Se abrazaron por última vez. Entonces Kate saltó del embarcadero y se deslizó por el terraplén hasta el lago.

– Mañana te contaré algo sobre él -dijo su madre.

52

El día siguiente amaneció claro y radiante. Desde la habitación de su hotel junto al centro, Kate veía el estrecho de Puget y el sol reflejándose en los rascacielos de paredes de cristal. Abrió la ventana y el graznido de las gaviotas penetró en la habitación junto con una ráfaga de fresco aire de mar.

Hacía mucho que Kate no se levantaba con tanta expectación.

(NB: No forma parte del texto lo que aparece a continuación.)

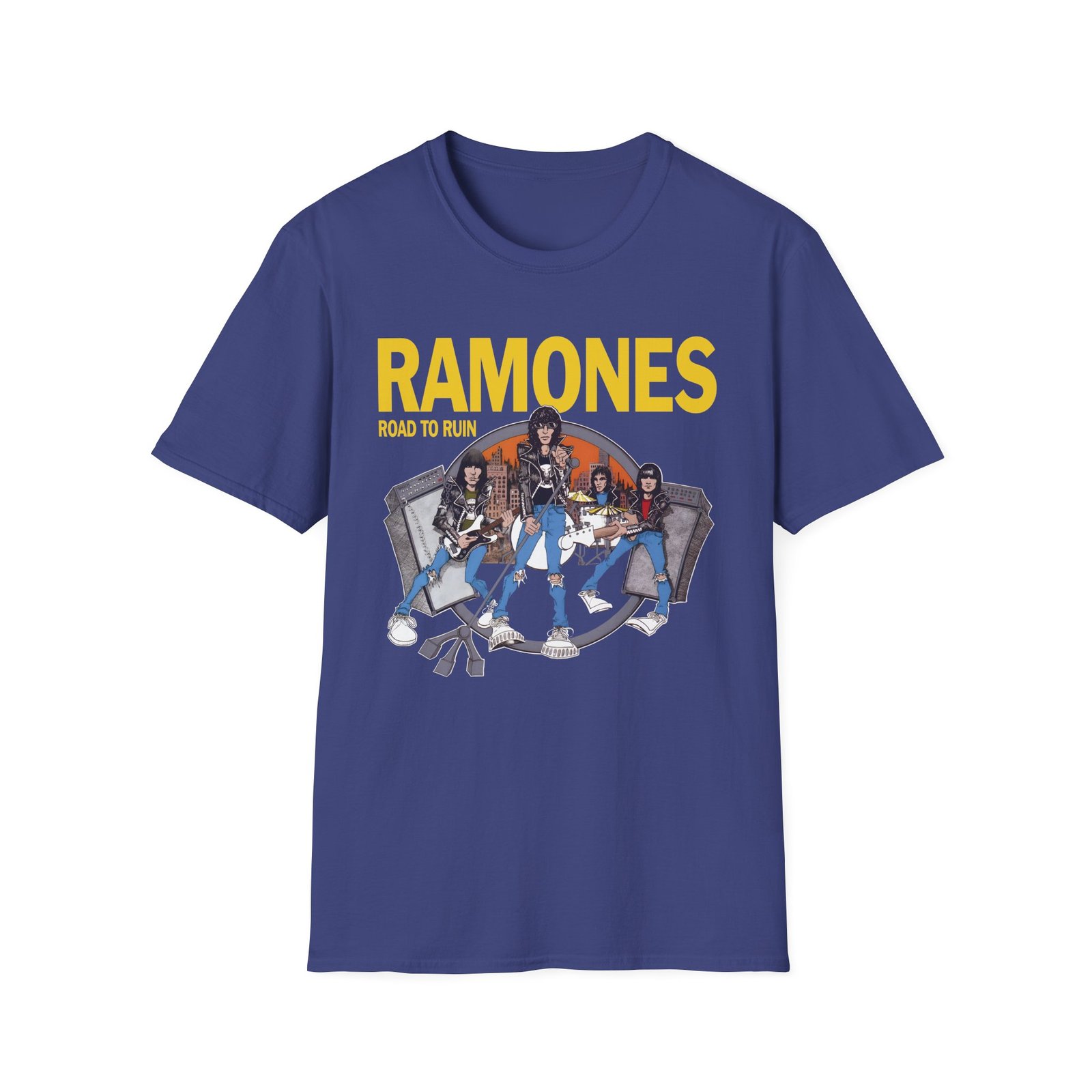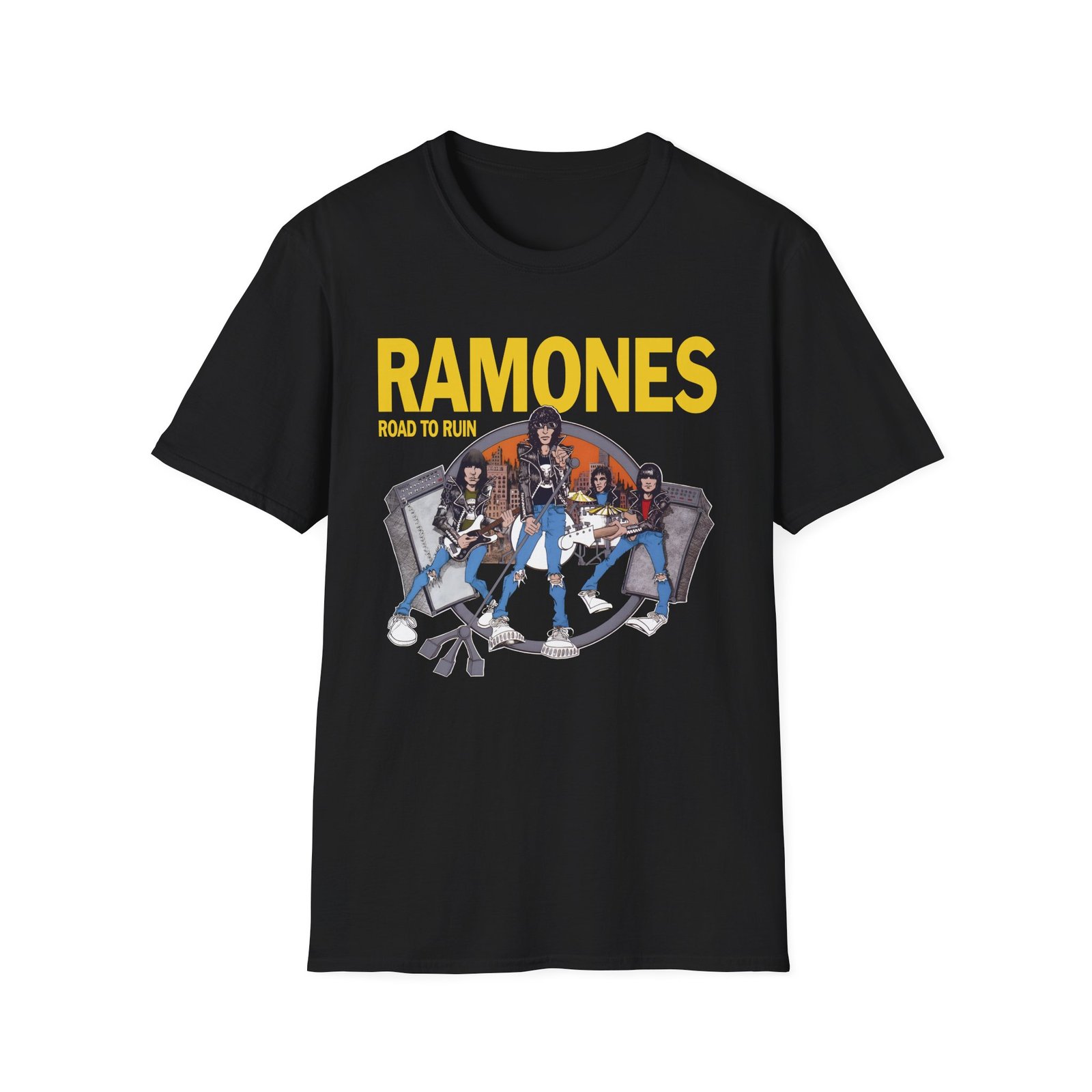 The Ramones Ramones I Wanna Be Sedated unisex soft-style t-shirt puts a new spin on casual comfort. Made from very soft materials, this tee is 100% cotton for solid colors. Heather colors and sports grey include polyester. The shoulders have twill tape for improved durability. There are no side seams. The collar is made with ribbed knitting to prevent curling damage.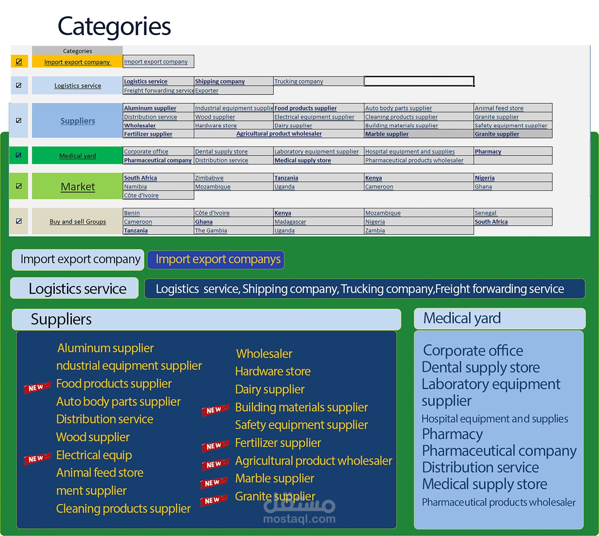 وتضم "شركات استيراد وتصدير ، شركات نقل وخدمات لوجستية ، مجموعة كبيرة من الموردين والمستلزمات الطبية ،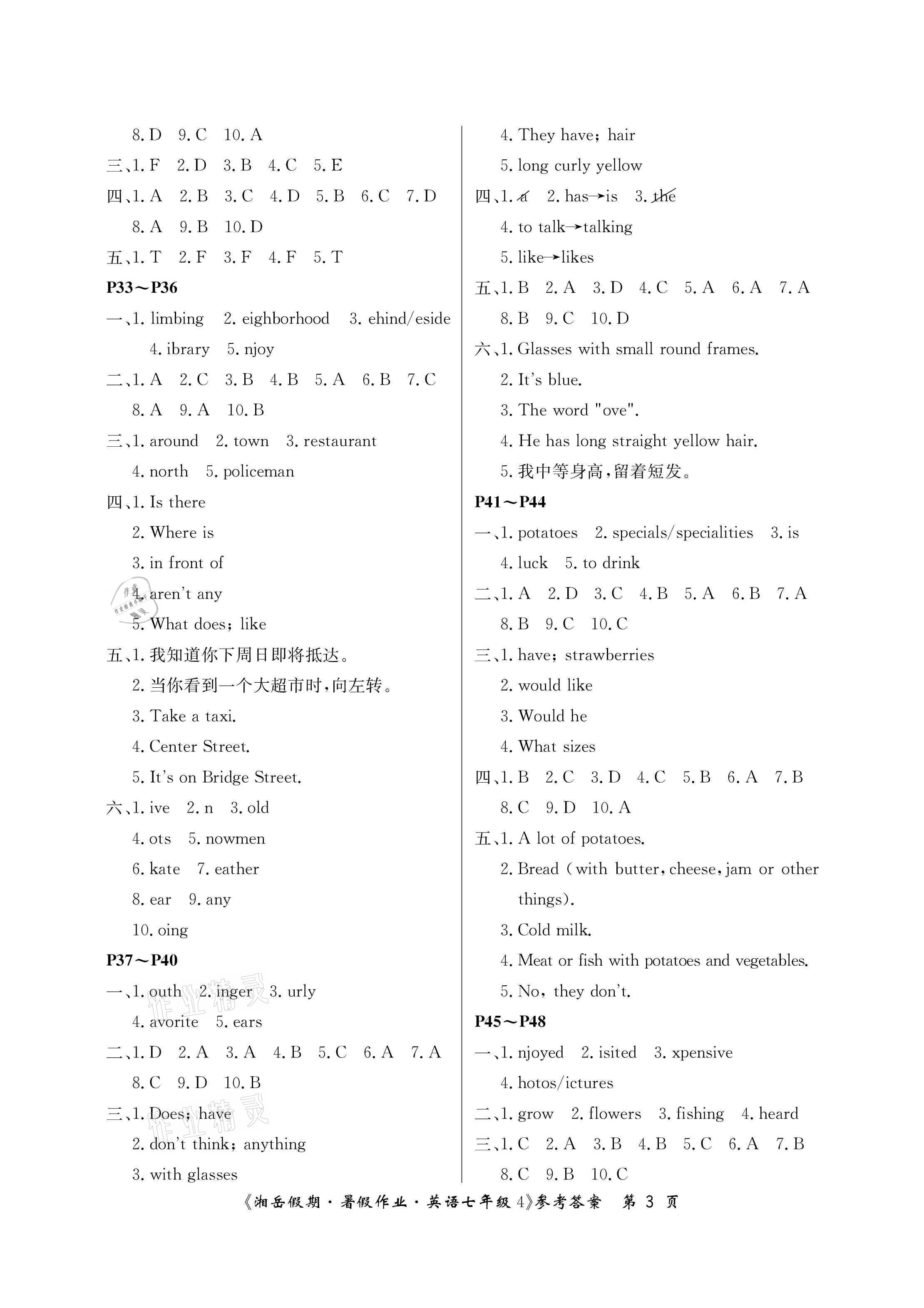 注:目前有些书本章节名称可能整理的还不是很完善,但都是按照顺序排列的,请同学们按照顺序仔细查找。练习册 2021年湘岳假期暑假作业七年级英语人教版 答案主要是用来给同学们做完题方便对答案用的,请勿直接抄袭。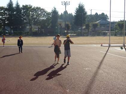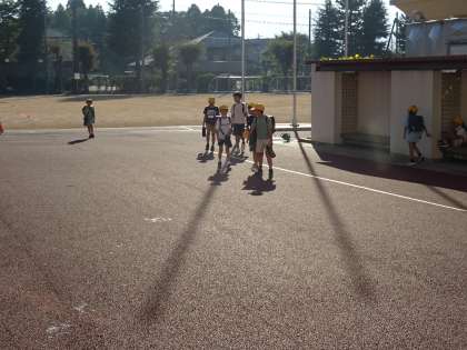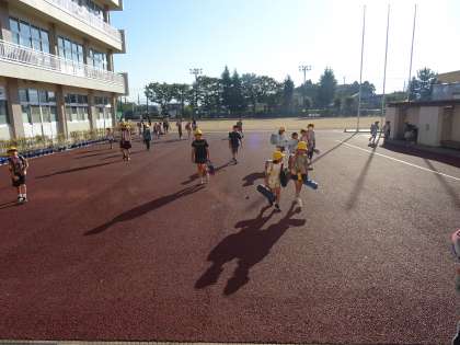 朝日を浴びて、元気に登校する奥北の子供たちです。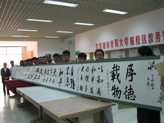 书法专业师生们以饱满的热情踊跃参与了活动。大家拿起了手中的毛笔,自豪地在7米长卷上写下“和”字,在70米长卷上写下“和平使者”、“以和为贵”、“得道多助”、“自强不息”等词语,表达内心追求和平的愿望和理想。活动结束后,师生们还兴致盎然地交上7件书法作品,参加探花直播市四中“和苑和平节”的活动,向世界各国大使、驻华代表及各界国际友人展示书法这一非物质文化遗产的传承。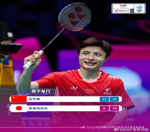 体育资讯5月3日报道宣称 在刚刚结束的苏迪曼杯羽毛球团体赛半决赛中,中国选手石宇奇2比0击败日本选手奈良冈功大,帮助中国队取得2比0的领先。
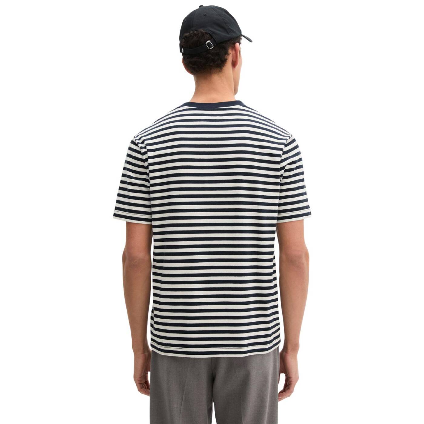 Markanter streifenlook als moderner everyday klassiker: weiches t-shirt aus reiner bio-baumwolle mit garngefärbtem streifenbild. single jersey mit angenehm glatter oberfläche dank bio-wash veredelung, die die fasern feiner macht und pilling reduziert. das wicking finish unterstützt den schnellen feuchtigkeitstransport und verbessert das tragegefühl im alltag. regular fit mit vielseitigem einsatz – solo zu chino oder jeans, stark auch im layer mit overshirt oder denim jacket. designed for circularity: das t-shirt wurde gemäß der designkriterien für zirkuläres design entworfen, sodass es schließlich einfacher recycelt werden kann.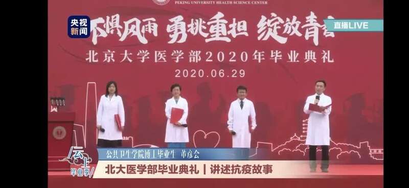 董彦会(右一)在北京大学医学部毕业典礼上讲述抗疫故事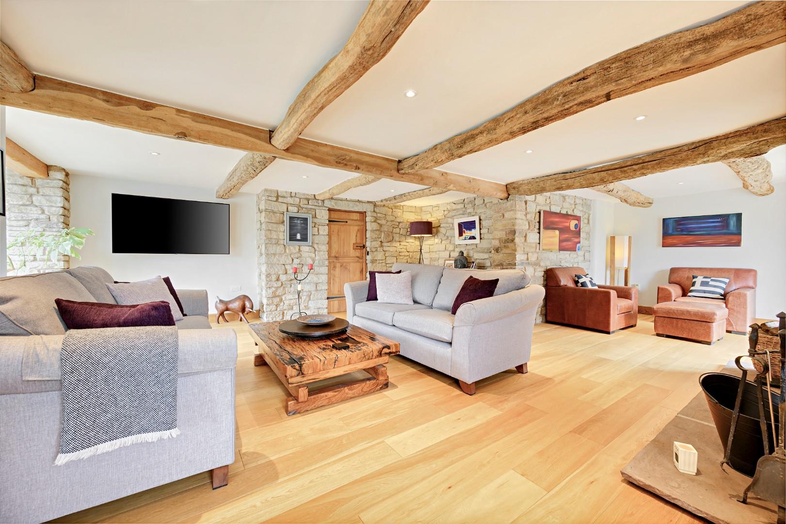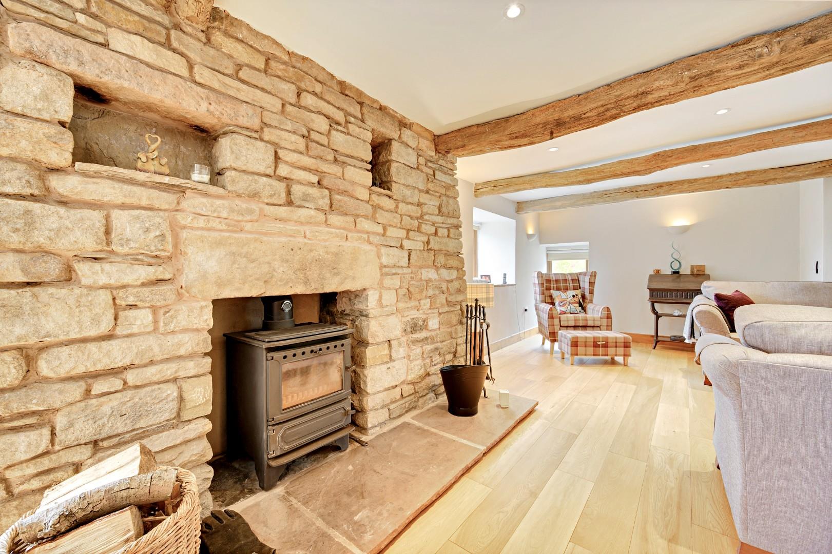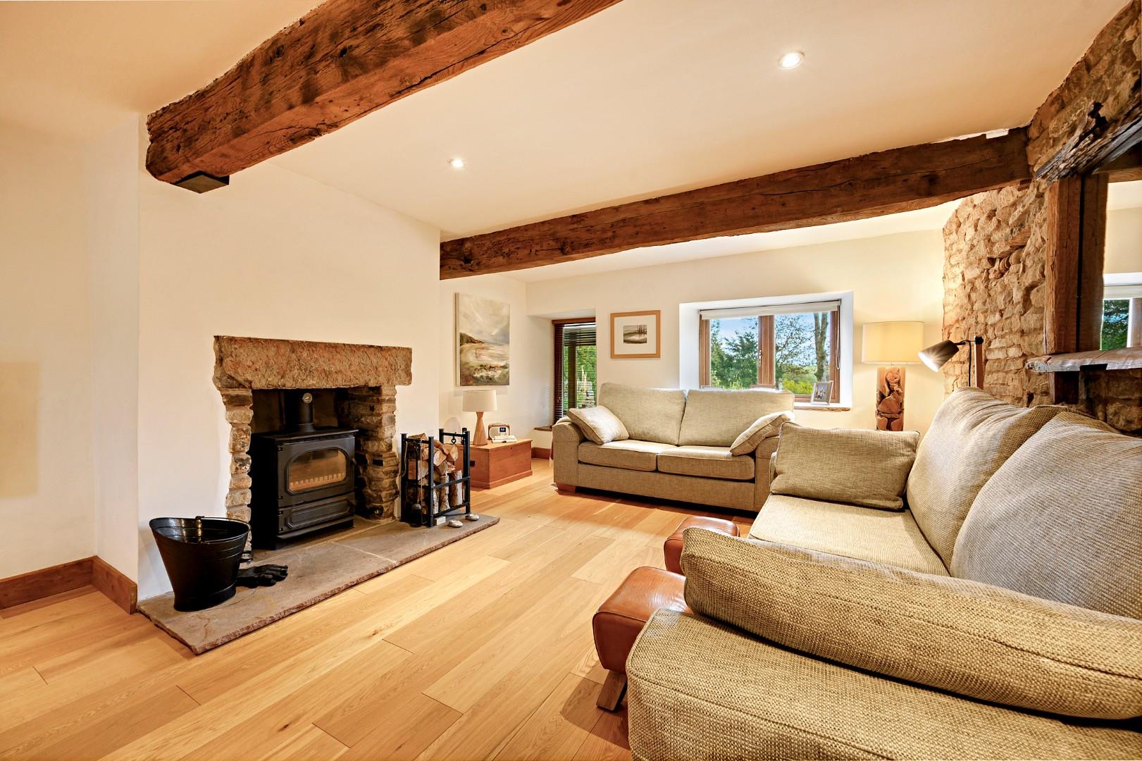 The main living room is situated to the left of the hall, and due its fantastic size it offers several seating areas, with high quality sliding doors and patio doors opening onto two separate patio areas. The stone chimney breast and original oak beams add to the character, and the multifuel burner provides a cosy warming glow.
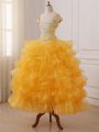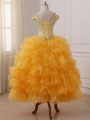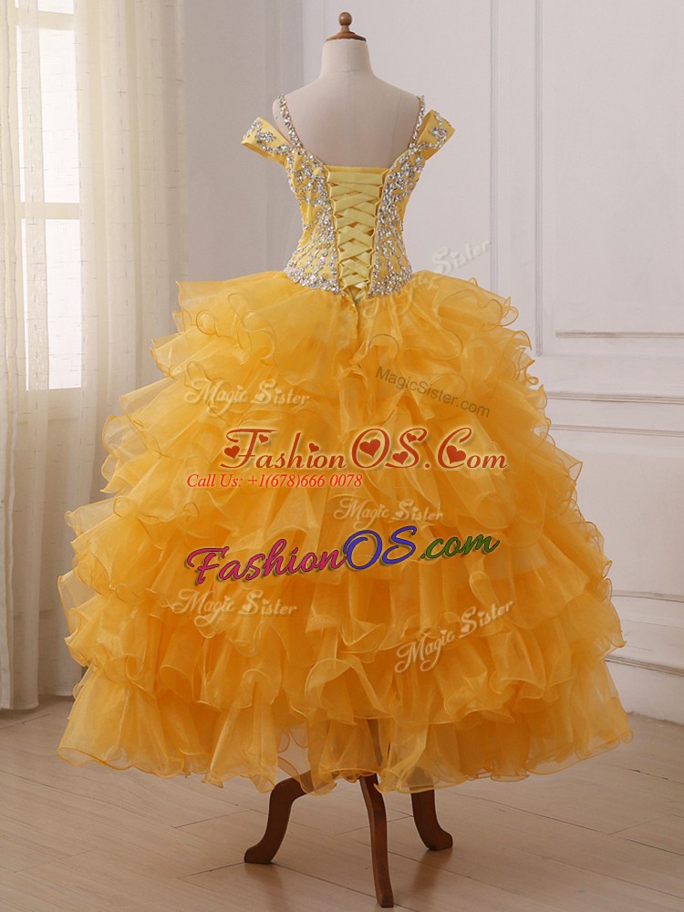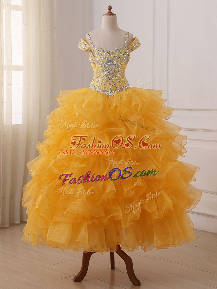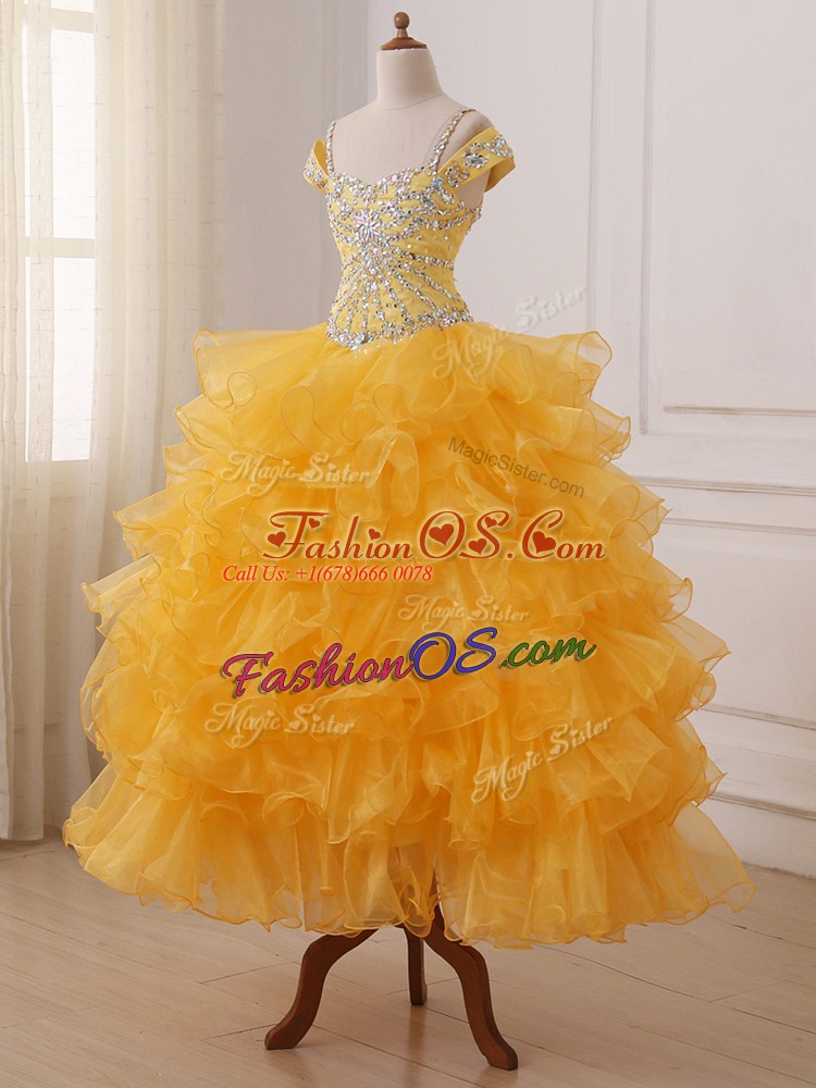 Gold Organza Lace Up Off The Shoulder Sleeveless Floor Length Kids Pageant Dress Beading and Ruffled Layers

Sharon llamó sobre las nueve y le dijo que se reuniera con ella a mediodía en un restaurante llamado Ernie's, en el Pike Place Market, el lugar más concurrido que conocía. Kate intentó decidir cómo llenaría las siguientes tres horas. Se puso las mallas de lycra y salió a hacer footing por la avenida Western, deteniéndose de vez en cuando para mirar los coloridos veleros que salpicaban el estrecho, la deslumbrante imagen de los rascacielos perfilándose en el horizonte sobre ella y la punta de la famosa torre que llamaban la «Aguja Espacial». Luego paró a tomar un café y un bollo en un Starbucks que presumía de ser uno de los tres primeros que se habían inaugurado. A eso de las once regresó al hotel, se cambió y se puso una chaqueta acolchada verde y unos vaqueros.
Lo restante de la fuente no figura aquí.